Anlamanın, anlaşabilmenin temel kaynağı iletişimdir. Fakat genellikle insanlar mesajını sadece iletirler ve mesaj karşıya ulaşmaz. Çünkü iletişim değildir gerçekleşen, sadece iletmektir. İletişim karşılıklı olur ve iletişimde en az iki taraf vardır. Günlük hayatta olduğu kadar evlilik hayatında da birçok iletişim sorunları ve bu sorunlara bağlı olarak şiddetli geçimsizliklerin, anlaşmazlıkların yaşandığı aileler vardır. Zaman geçtikçe evdeki bu ortam rutinleşir, sıradanlaşır ama her geçen gün zehiri artmaya devam eder.
İletişim zehirlenmesine maruz kalan ailelerde yolun sonu görünmeye başlar. Eşler; hayallerine giden farklı yolların da varlığını düşünmeye başladığı bu süreç, yeni hayatlara gebedir. Acaba ayrılsam da yalnız mı yaşasam, çocuğumu alıp gitsem başımın çaresine nasıl bakarım, ailemin yanına dönsem nasıl olur gibi cevapsız sorularla girdaba giren eşler;  bir zamanlar hayatını paylaştığı kişiyle aynı ortamı bile paylaşmak istemezler. 
Eşinin yaptığı olumlu davranışları görmezden gelen, takdir etmeyen veya ettiğini belli etmeyen, bununla birlikte aksine hor görerek eşini ve yaptıklarını sıradanlaştıran eşler, zamanla tabiri caizse laf sokma yarışına girmektedirler. Eşinin aldığı çiçeğe “çiçekle beni kandıramazsın ona göre”, “hayırdır ne zamandır böyle çeşitli yemekler yapmazdın, bir şey mi isteyeceksin”, “duygu sömürüsü yapma” gibi eşinin yaptıklarını, yaşadıklarını hafife alan zehirli söylemler, eşlerin birbirlerini aşağılamasıyla devam edip gitmektedir. 

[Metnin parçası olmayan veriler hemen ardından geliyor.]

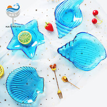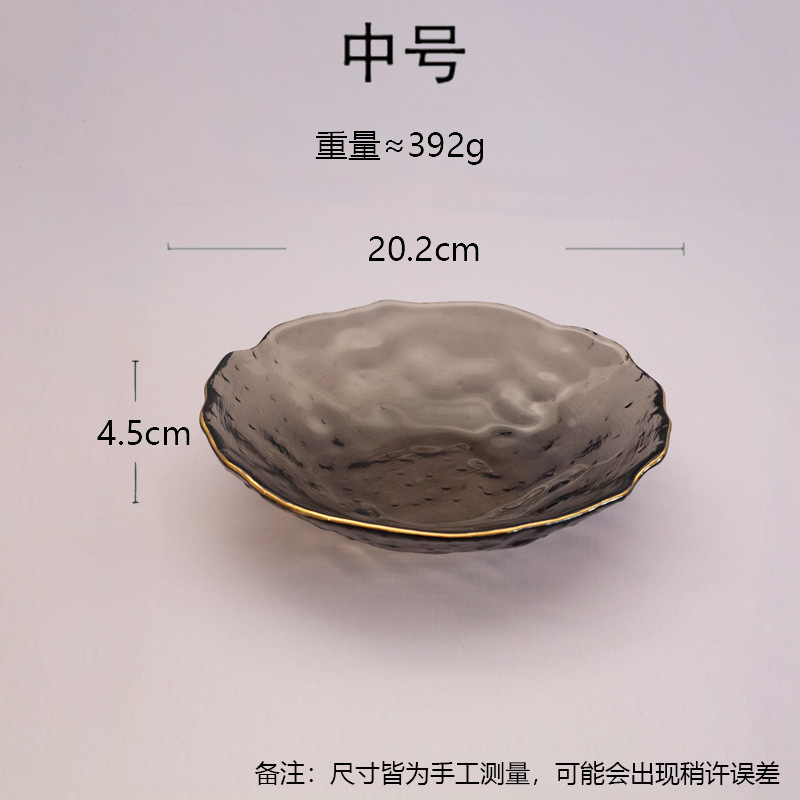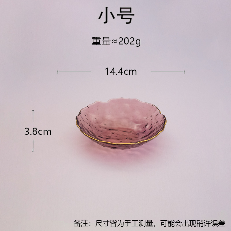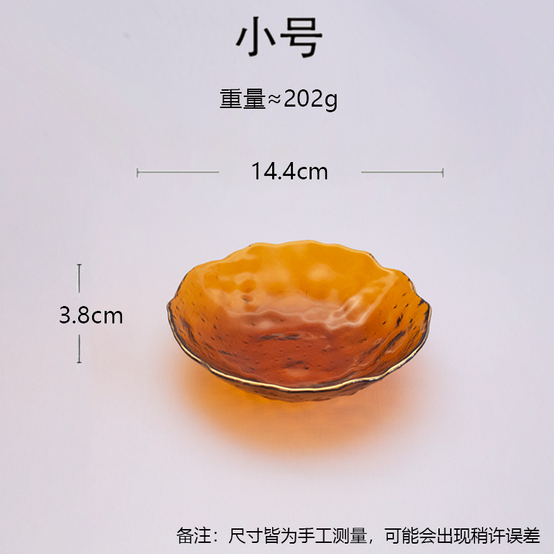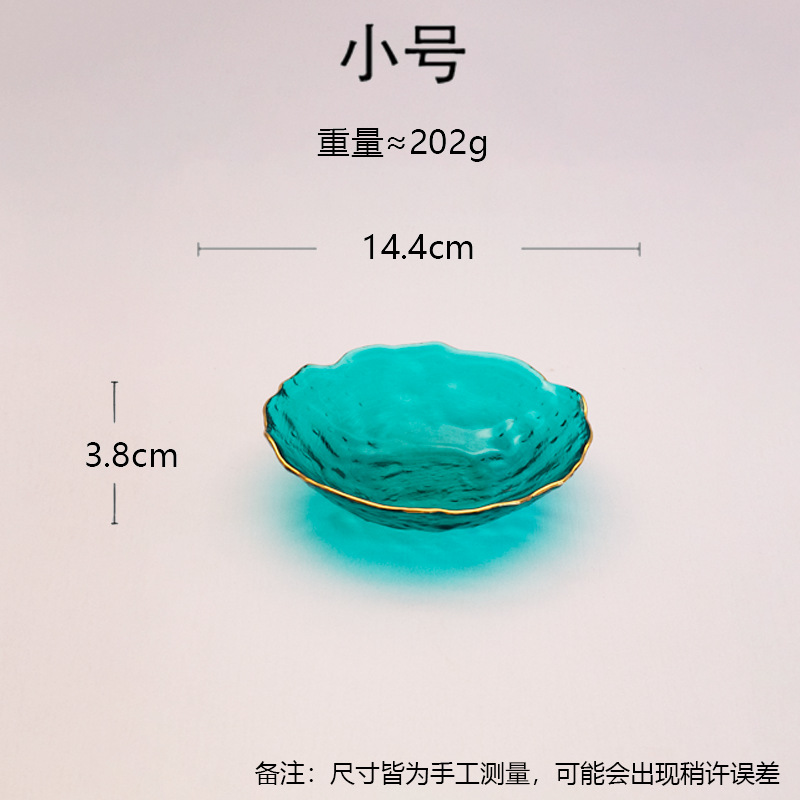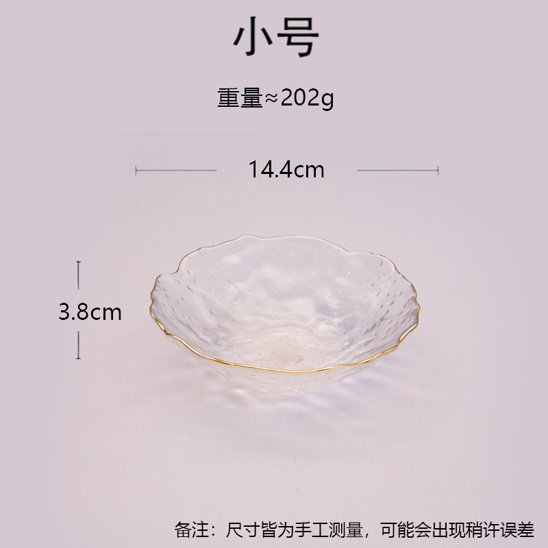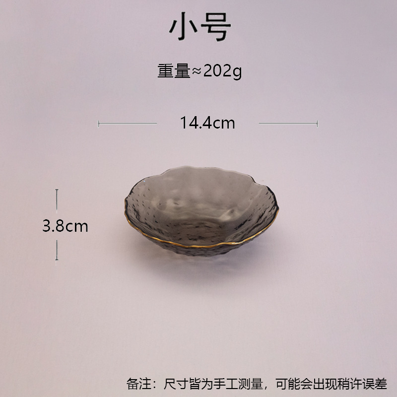 일본식 금테 레인포인트 유리 접시, 망치질 무늬 연잎 모양 식기, 내열성 가정용 거실 비정형 과일 접시 세트스토어 가기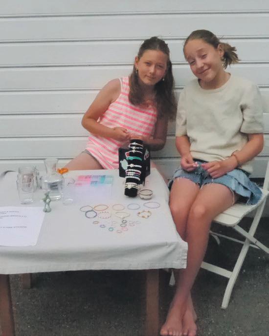 Marit Fredheim Bjorvand (11) og Sofie Sela (11) satt flere dager i Posebyen og solgte perlearmbånd og ringer de lager selv mens de sitter der.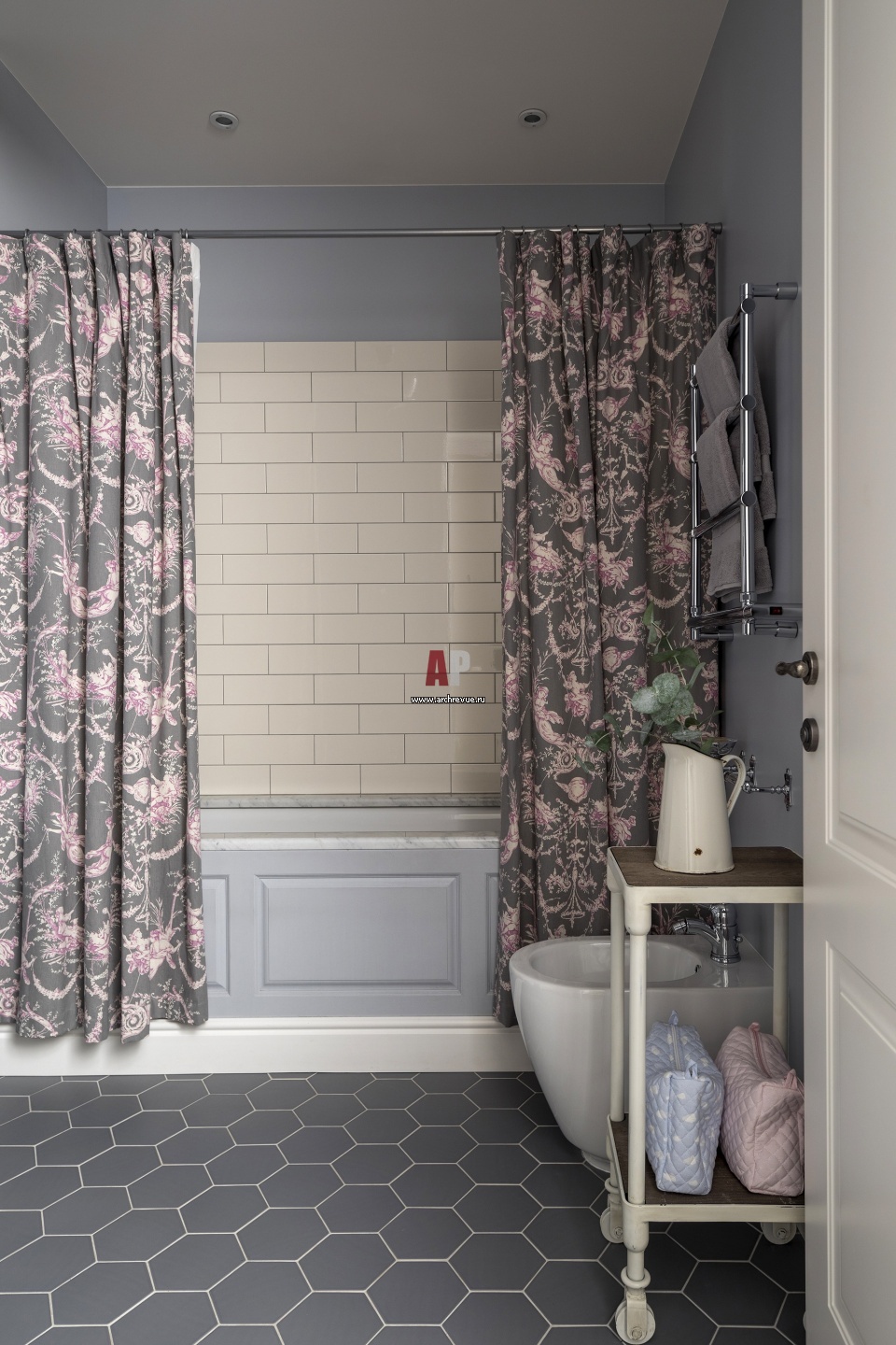Квартира с эффектом благородной старины. Интерьер ванной комнаты. Смесители, Hansgrohe. Штора для ванны индивидуального пошива.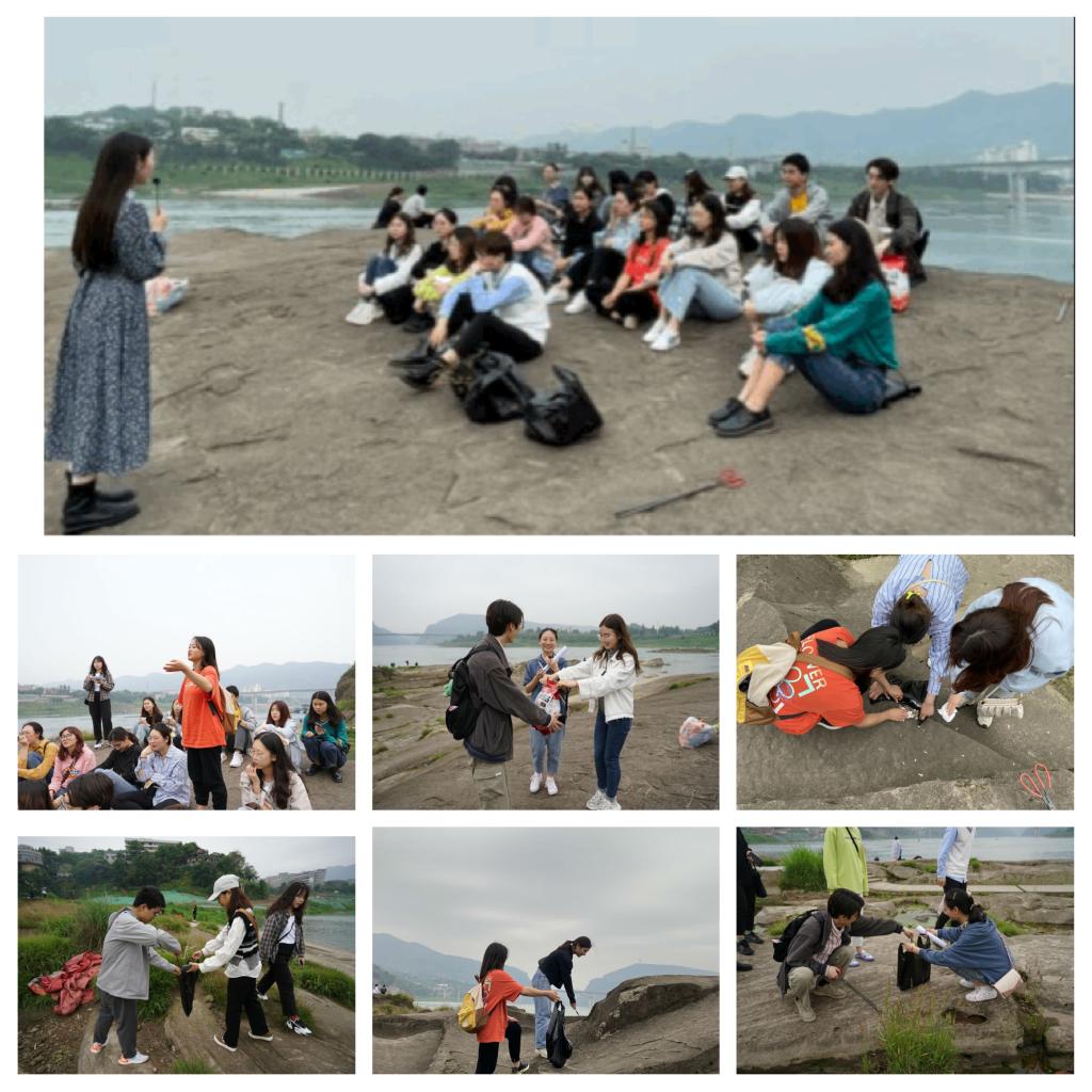 辅导员邓珍珍老师指出,“党史学习教育要与实践相结合,五四青年节即将来临,新时代青年要勇于担当。今天大家在江边看到有不少垃圾,那么我们就应该随时随地践行党的生态文明理念,将环保意识内化于心、外化于行,并思考如何将环保意识‘润物细无声’地渗透进大众的脑海中,把党史学习教育落到实处。”在邓老师带领下,研会成员分组进行拾垃圾比赛。经过大家努力,嘉陵江边的烟头、瓜子壳等垃圾得到了有效清除。研会成员们以实际行动感召和带动广大居民和游客杜绝随处扔垃圾、抛杂物等不良行为,共同维护江边整洁优美的环境。

Sağlıklı iletişim kurmak yerine adeta iletişimi ortadan kaldırma çabasına giren eşler; zamanla, tek taraflı ağır söylemlerle kendini rahatlattığını, deşarj olduğunu zannederek ağzına geleni kusmaya devam eder. Ancak söylenen her söz eşinin yüreğine bir hançer gibi saplanır ve kapanmaz yararalar açar. Aradan yıllar geçse de o yaralar ilk günkü gibi sıcak, yakıcı ve yıkıcı olarak bedenin bir organı haline gelir. 
Yıllardır eşi tarafından veya karşılıklı olarak birbirini aşırı şekilde eleştiren eşlerde ortaya çıkan katlanamama sendromu ayrılık çanlarının habercisidir. Sen zaten hep böylesin, her zaman böyle yapıyorsun gibi eleştirilerle yaşanan olayı değil de doğrudan hayat arkadaşını aşırı, yersiz ve haksız bir şekilde eleştiren eşler, eşinin sabun misali elinden kayıp gittiğinin farkında değildir. Halbuki o sabunun elinde kalması da kayıp gitmesi de senin elinde. Yapılması gereken ise sadece eleştiri dozunun azaltılması ve yönteminin değiştirilmesidir. 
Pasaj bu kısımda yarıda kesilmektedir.